NCERT summary for UPSC CSE - GS (Class IV - Environmental studies - Looking Around)

 


Environmental Studies – Looking Around ( Class IV )

Going to School:

Let’s see how some children reach their school

Assam – Bamboo and rope bridge (To avoid knee -high water which is filled up by rain water)

Ladakh – The Trolley (To cross wide and deep river, students use a trolley which is an open box made of wood attached with the rope)

Some places – Cement bridge (The bridge which is made up of cement, bricks and iron rods which have steps also)

Kerala – Vallam (small wooden boat)

Rajasthan – Camel Cart (It will be helpful in the places of desert)

Some villages in the plains – Bullock cart

Some places – Bicycle ride

Gujarat – Jugad (The front looks like a motorcycle but the carriage at the back is made out of planks of wood)

Some places – Children needs to cross the jungle to reach the school

Some places – Children needs to walk through miles of snow to reach the school

Uttarakhand – Rocky Paths (children needs to walk on rocky and uneven paths to reach the school)

 

A Day with Nandu (About elephants):

An adult elephant can eat more than 100 kilograms of leaves and twigs in one day. Elephants do not rest very much.
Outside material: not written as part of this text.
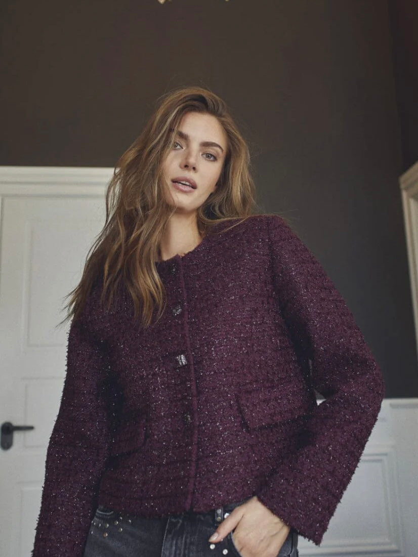 Peach Boucle Jacket fra Co´Couture er en skikkelig lekker tweedjakke i en delikat plommefarge.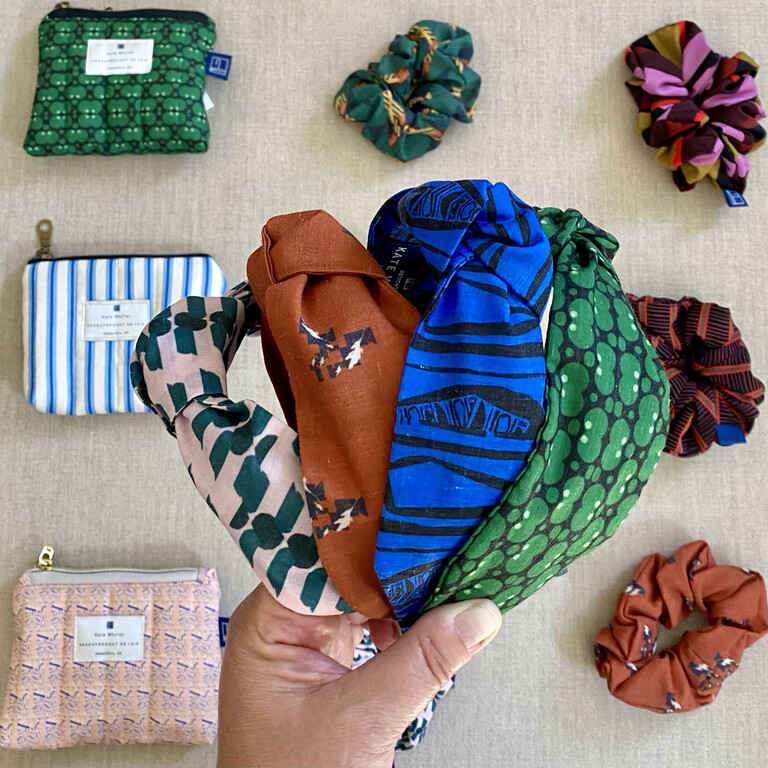 British designer Kate Whyley designs bold, original fabric prints, brought to life as beautifully made gifts. From knotted headbands to twilly scarves and fabric pouches, each piece is designed and handmade with care in small batches for unique style.

They sleep for only two to four hours in a day. Elephants love to play with mud and water. The mud keeps their skin cool. Their big ears also work like fans. The elephants’ flap these to keep themselves cool.

An Elephant herds (animal groups which live together are called herds) has mainly females and baby elephants. The oldest female is the leader of the herd. A herd may have 10 to 12 female elephants and young ones. Male elephants live in the herd till they are 14-15 years old. Then they leave their herd and move around alone. (we have a previous year prelims question on this).

 

The story of Amrita (Bishnois movement):

This is a true story from 300 years ago, In a village called Khejadli, lived Amrita. Khejadli village is near jodhpur in rajasthan. The village got its name because of many Khejadi trees that grew there.

The khejadi tree is found mainly in desert areas. It can grow without much water. Its bark is used for making medicines. People cook and eat its fruits (beans). Its wood is such that it will not be affected by insects. Animals in this area eat the leaves of the Khejadi.

The concept of tree huggers and tree hugging have roots in the Bishnoi history. The famous “ chipko movement “ was inspired by a true story of a brave lady called Amrita devi bishnoi who refused to let the kingsmen cut the trees. All of the village people hugged the trees to stop kingsmen from cutting trees. More than 300 people were killed for trying to protect the trees.

When the king came to known this, he was ashamed of his mistake. He apologized to the bishnoi community, ordered to stop felling the trees and hunting of wild animals in bishnoi areas.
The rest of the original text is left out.